The changes of upper-level administration in the past years before contained in SND and Huqiu District were that, Wuzhong District, Wuxian City, Wu-County, in the reversed chronological order.

Historically, Dongzhu was closely related with the history of Suzhou which called the Country of Wu more than 2500 years ago. The loser King of Wu, Helu, who ever won the war with Goujian, the King of Yue (located now near Hangzhou), suicided at the top of the mountain of Yangshan (Sun-Mountain) in the area of Dongzhu. There are also other ruins in the Town Dongzhu.

==Industry==
Dongzhu is one of far less industrialized contrasts to those towns near around the Suzhou City. The main industry of Dongzhu now is still the agriculture, while it also featured in its traditional handcraft industry, handy embroidery, which is known as Suzhou Embroidery and sculpture of stone.

However, since it was contained into SND and Huqiu District, agricultural land was withdrawn conditionally by the administration, a new area is now prepared for the open of the city's modern scientific research center, and is expected to be a great change for the town.

==Communications==
There are several bus systems go through Dongzhu, as well as recently established express way, so called Taihu Dadao, which make the time spent between Dongzhu and Suzhou City from more than an hour to now, only twenty-five minutes. There is also a traditional waterway—Xuguang Canal, connecting Taihu Lake with the City.

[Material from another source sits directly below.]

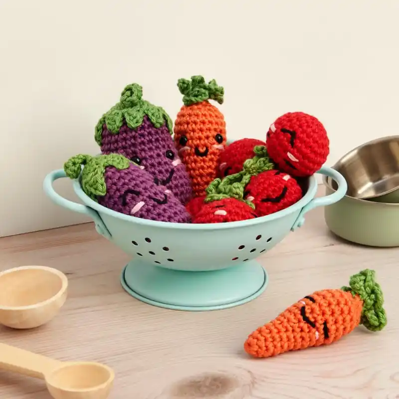 Il Kit Amigurumi – I nostri Amici Vegetali di DMC ti permette di realizzare all’uncinetto cinque graziose verdure amigurumi, ideali da regalare ai bambini o per abbellire la tua cucina con un cestino decorativo. Questo kit non offre solo divertimento creativo, ma educa e promuove anche l’amore per le verdure tra i più piccoli.

Although there are two domestic civil airports, Guangfu Airport and Shuofang Airport near the town, however, the air routes is limited in number. Many people there use the Pudong International Airport and Hongqiao Airport for international and domestic travel.

==Education==
There are two educational organizations in Dongzhu include one elementary and one middle school, and no organization for higher educations. The two schools are, Dongzhu Experimental Primary School and Dongzhu Middle School.